A good start would be to suggest that in any constituency where there is, say, fewer than 400 members, the Candidate will simply be appointed by the Scottish Executive, If you don't want that you've got till January 2014 to sort it.

And then finally, for it seems to me that the money available would easily fund three jobs out of two, I'd make a third appointment. "Official intellectual stirrer up in chief" or , I don't know, "Head of external liason" if it needs a pompous official title. This person's job would just be to go out there and network. To speak to the research departments at the various professional bodies: The EIS;  The Institute of Chartered Accountants in Scotland; the Royal Colleges; the Law Society etc...; and to the charities and special interest groups; Citizen's Advice; SCVO (there's always a place for a lost sheep); Children First; CPAG; Age Concern; Alzheimer's Scotland.........and to the business organisations......and to the Universities...........and, yes certainly and importantly the Trade Unions and to......stir them up. To tell them we're looking for ideas and invite them to provide them......to offer them liason........off the record if desired  and with nothing off the table between them and our front bench team. To eat a lot of lunches and drink a lot of coffees. To agitate, in the proper sense of that word. And to head hunt for those whose ideas might be useful to encourage. Post Devolution in house policy development has been a disaster and since 2007 we've not even had the civil service. If we want to get back to being the rational voice of liberal civic society (as we were for ten years) then that's going to need to be a two way process. And it's not happening now.
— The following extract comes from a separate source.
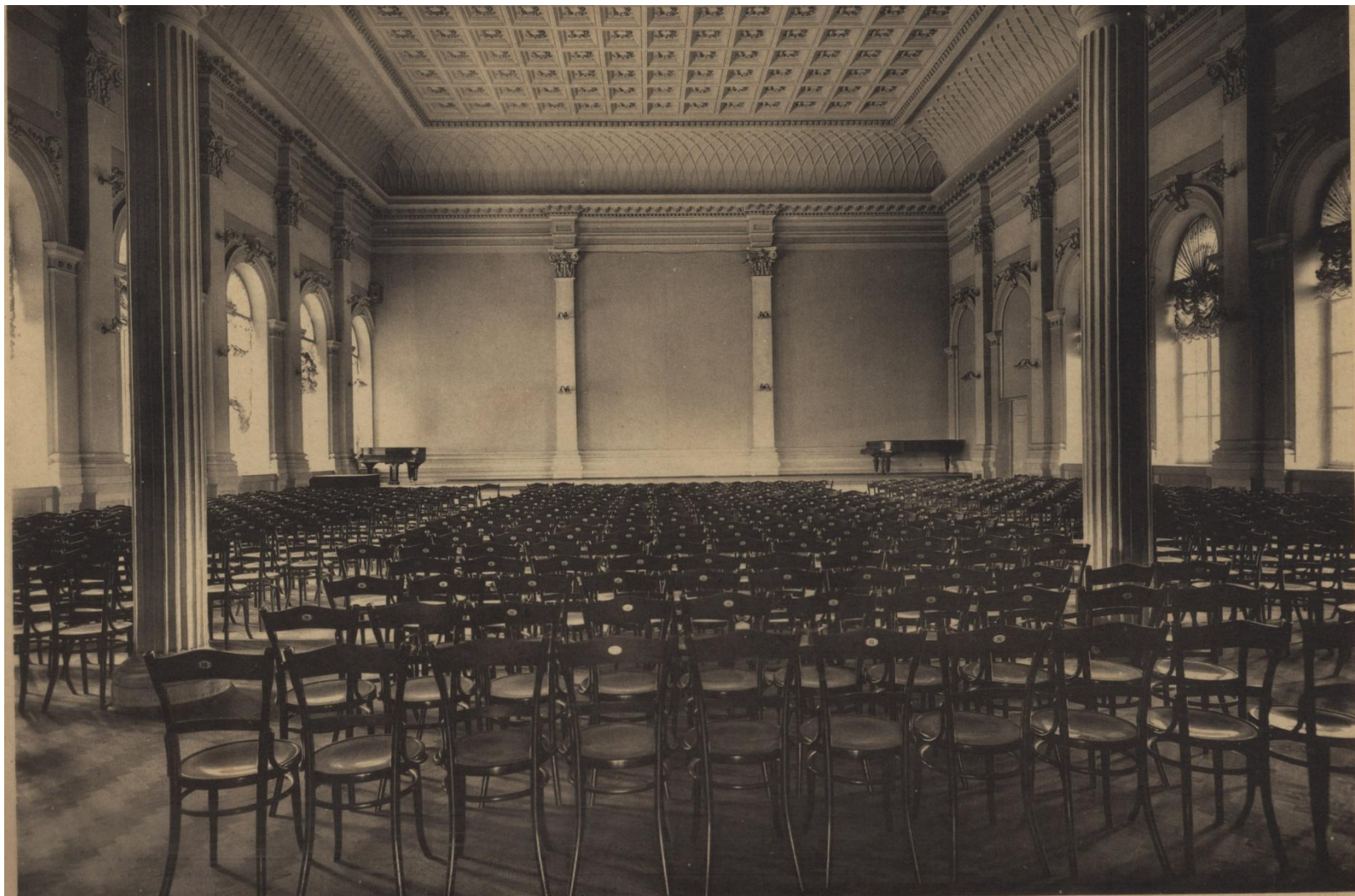
Большой концертный зал консерватории

So these are some of the things I would do if this was my call. Which it's not. In practice, none of this will happen. There are already candidates getting lined up for the two vacancies and there will probably be a factional trade off in their appointment. I'm sure somebody will be found to write a manifesto but otherwise the Party retains a heartfelt anti-intellectualism: "If someone wants input to policy they can go along to a Branch meeting". Anyway, new ideas inevitably imply the old ideas were wrong and that's not a concession this leadership is prepared to make. We still haven't moved beyond blaming the electorate and that evil Svengali, Alex Salmond, for our defeat. Strategy beyond that is that the SNP will either bottle or decisively lose a referendum and that will be enough to return us as a default option. Indeed, various dead beat councillors are already eyeing up the SNP Constituencies they believe they might inherit in that circumstance. Nothing is being done to disabuse them of that presumption because I suspect it's a view shared at the very top. Indeed, it appears to me to be the only hope held at the very top.

So, no matter how you slice and dice this you come back to David Plouffe's wise observation. Back room staff don't win elections, they only make it possible for viable candidates to do so. Until we face up to that everything else is academic.

So, as my various SNP readers keep getting annoyed about my predictions that Eck has no intention of holding a Referendum, here's something to cheer you up. No matter what happens on the Constitution between now and 2016, I currently see no reason that you will not be comfortably re-elected at that time. Unless, of course, there's a Tory revival!